Par Me Sabrina Roberge, avec la collaboration de Mme Mariane Judge
Dans une décision de la Cour supérieure, Jutras c. La Presse (2018) Inc., un employeur a abusé de son droit d’ester en justice en tentant d’empêcher un ancien employé de travailler. Dans sa demande, l’ancien employeur a invoqué une clause de non-concurrence au contrat de travail qui a été déterminé invalide par le Tribunal.
À la suite d’un changement d’emploi, l’employé en question est mis en demeure par son ancien employeur de respecter son devoir de loyauté et son entente de non-concurrence. En somme, il est mis en demeure de cesser de travailler pour son nouvel employeur.
En se prononçant sur l’injonction provisoire déposée par l’employeur, le juge a souligné que la clause de non-concurrence ne comporte pas de limite quant au « genre de travail » prohibé ce qui contrevient à l’article 2089 du Code civil du Québec. La clause empêche « d’occuper tout emploi, de quelque nature que ce soit, dans toute entreprise impliquée de près ou de loin dans la vente d’espace publicitaire au Québec, que cette entreprise soit ou non un média d’information ». Elle ne se limite donc pas à ce qui est nécessaire pour protéger les intérêts légitimes de l’employeur.
Un peu plus tard, l’ancien employeur a déposé une demande de sauvegarde qui a également été rejetée. En réponse, l’employé a notifié une demande en déclaration d’abus et en dommages et intérêts en raison de l’acharnement et de l’usage abusif du processus judiciaire par son ancien employeur.
Le Tribunal a estimé que l’ancien employeur a abusé de son droit d’ester en justice en intentant un recours contre l’employé. Le juge a établi que la clause de non-concurrence était invalide, car elle ne se limitait pas à ce qui était nécessaire pour protéger ses intérêts légitimes, ce qui fut encore plus apparent à la suite du jugement rejetant l’injonction provisoire. Il a donc accueilli la demande de l’employé qui a eu droit au remboursement des honoraires professionnels de ses procureurs et des débours effectués en plus de dommages pour le stress et les inconvénients subis.
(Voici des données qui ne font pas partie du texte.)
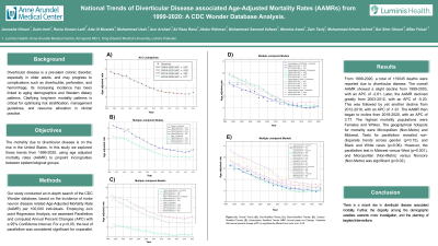 From 1999-2020, a total of 115045 deaths were reported due to diverticular disease. The overall AAMR showed a slight decline from 1999-2003, with an APC of -2.61. Later, the AAMR declined greatly from 2003-2012, with an APC of -5.20. This was followed by yet another decline from 2012-2018, with an APC of -1.91. The AAMR then began to incline from 2018-2020, with an APC of 3.77. The highest mortality populations were Females and Whites. The geographical hotspots for mortality were Micropolitan (Non-Metro) and Midwest. Tests for parallelism revealed non-disparate trends across gender (p=0.15), and Black and White races (p=0.06). However, the parallelism test in Midwest versus West (p=0.001), and Micropolitan (Non-Metro) versus Noncore (Non-Metro) was significant (p=0.02).There is a recent rise in diverticular disease associated mortality. Further, the disparity among the demographic variables warrants more investigation, and the planning of targeted interventions.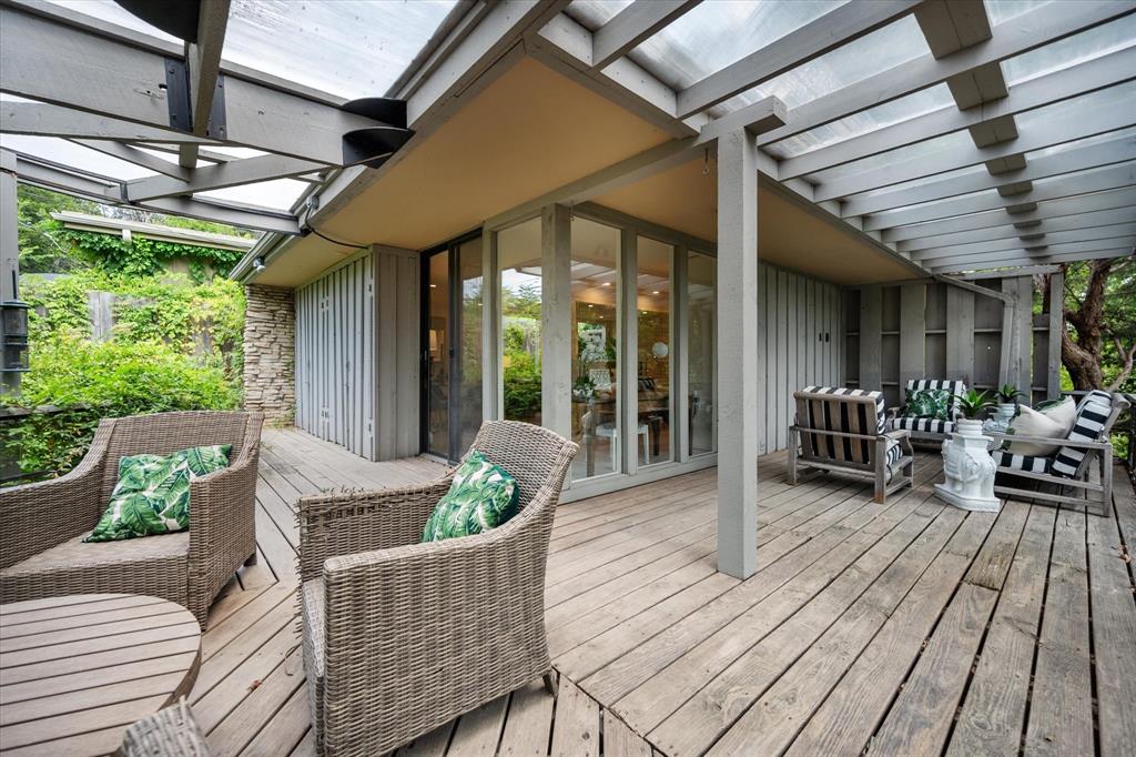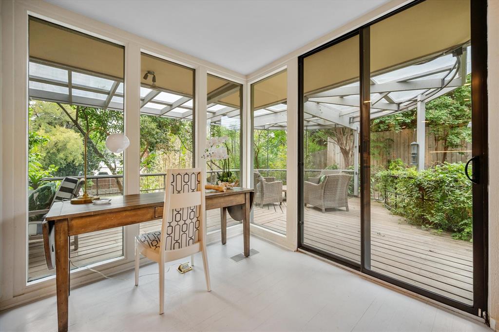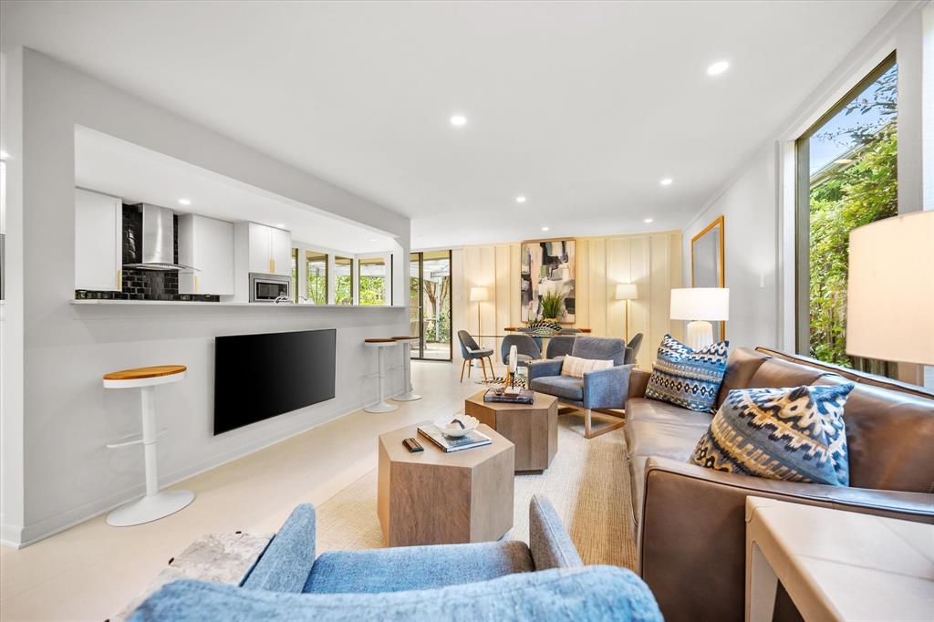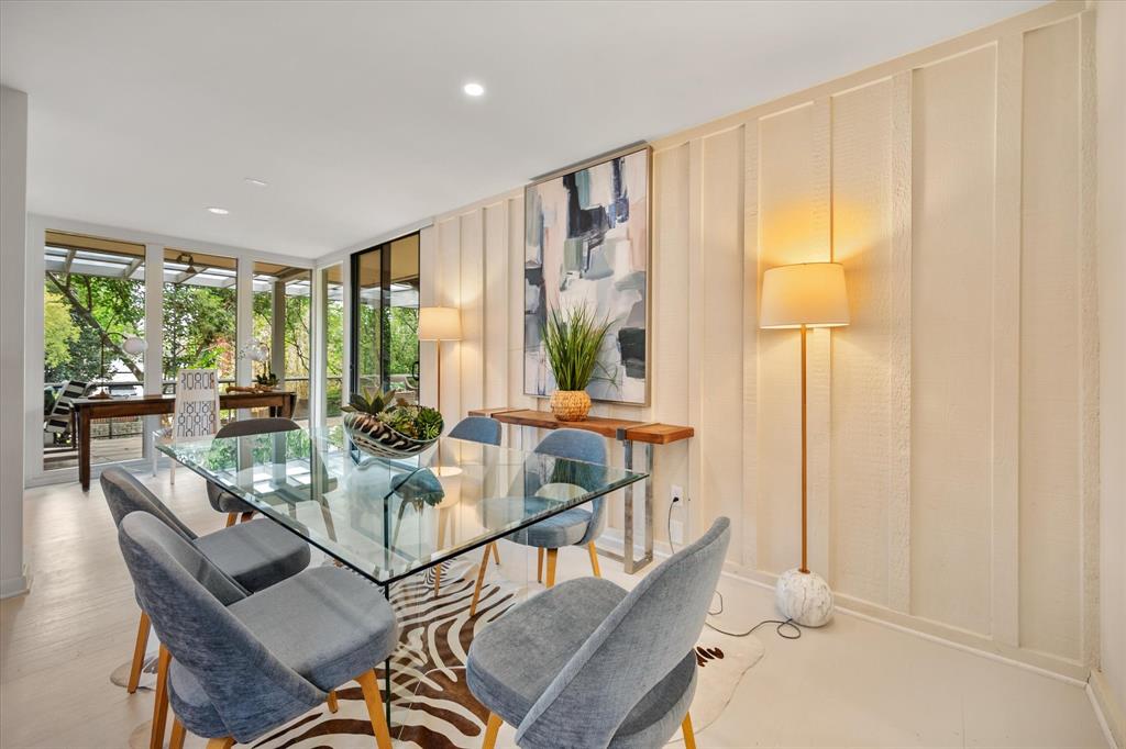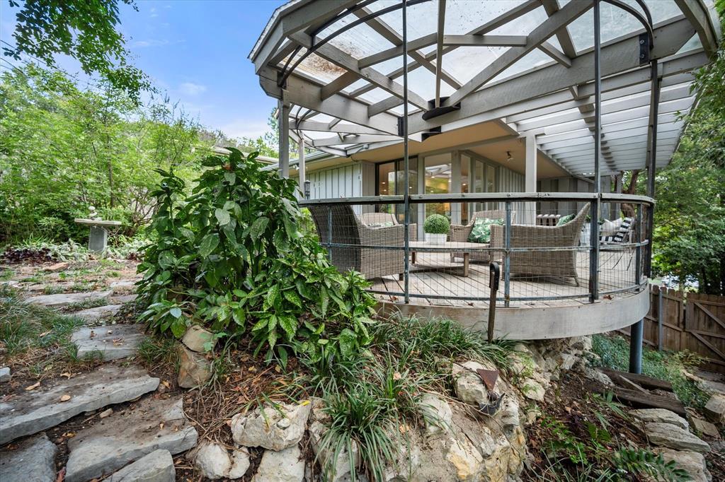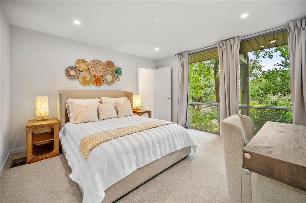 Elevated above the street and framed by mature trees, this three-bedroom, two-and-a-half-bathroom home captures the best of mid-century modern design. Clean architectural lines and expansive floor-to-ceiling windows create a seamless connection between indoors and out, filling the open-concept living and dining spaces with light. The updated kitchen combines style and function with stainless steel appliances, granite countertops, and a gas cooktop, while a wet bar adds the perfect touch for entertaining. The primary suite offers a private balcony, walls of windows, and a beautifully renovated ensuite bath. Upstairs also includes a secondary bedroom with treetop views, while the third bedroom with full bath is located downstairs. This space can easily serve as a bedroom or be adapted into a studio, office, fitness room, or media lounge—offering true flexibility. Recent renovations include a new HVAC system, updated plumbing, and updated electrical, ensuring peace of mind for the next owner. Outdoors, a shaded and covered deck provides a comfortable setting for gatherings or quiet evenings at home. Set in a prime location within walking distance to TCU, this one-of-a-kind property also places you minutes from shopping, dining, the Fort Worth Zoo, and the Hospital District. A rare opportunity to own true mid-century modern architecture in the heart of Fort Worth.

Voyez la façon dont le juge motive sa décision :
[82] L’article 2089 C.c.Q. stipule : Les parties peuvent, par écrit et en termes exprès, stipuler que, même après la fin du contrat, le salarié ne pourra faire concurrence à l’employeur ni participer à quelque titre que ce soit à une entreprise qui lui ferait concurrence. Toutefois, cette stipulation doit être limitée, quant au temps, au lieu et au genre de travail, à ce qui est nécessaire pour protéger les intérêts légitimes de l’employeur. Il incombe à l’employeur de prouver que cette stipulation est valide.
[…]
[85] Comme le rappelle le juge Bachand au paragraphe 10 de son jugement, « une clause de non-concurrence est contraire à l’ordre public – car contraire à la liberté de travail – à moins que l’employeur ne prouve : a) qu’elle est limitée, quant au temps, au lieu et au genre du travail; et b) que sa portée est limitée à ce qui est nécessaire pour protéger les intérêts légitimes de cet employeur.»
[86] En l’instance, l’engagement de non-concurrence empêche Jutras d’occuper tout emploi, de quelque nature que ce soit, auprès de toute personne, entreprise ou organisation impliquée, directement ou indirectement, dans la vente d’espace publicitaire au Québec, dans les douze mois suivants la terminaison de son emploi, et ce, peu importe que cette entreprise ou organisation soit ou non un concurrent de La Presse dans l’édition de médias d’information.
[…]
[93] De l’avis du Tribunal, La Presse a abusé de son droit d’ester en justice en instituant son recours en injonction alors qu’elle savait ou aurait dû savoir qu’il lui était impossible de démontrer que l’entente de non-concurrence se limitait à ce qui était nécessaire pour protéger ses intérêts légitimes.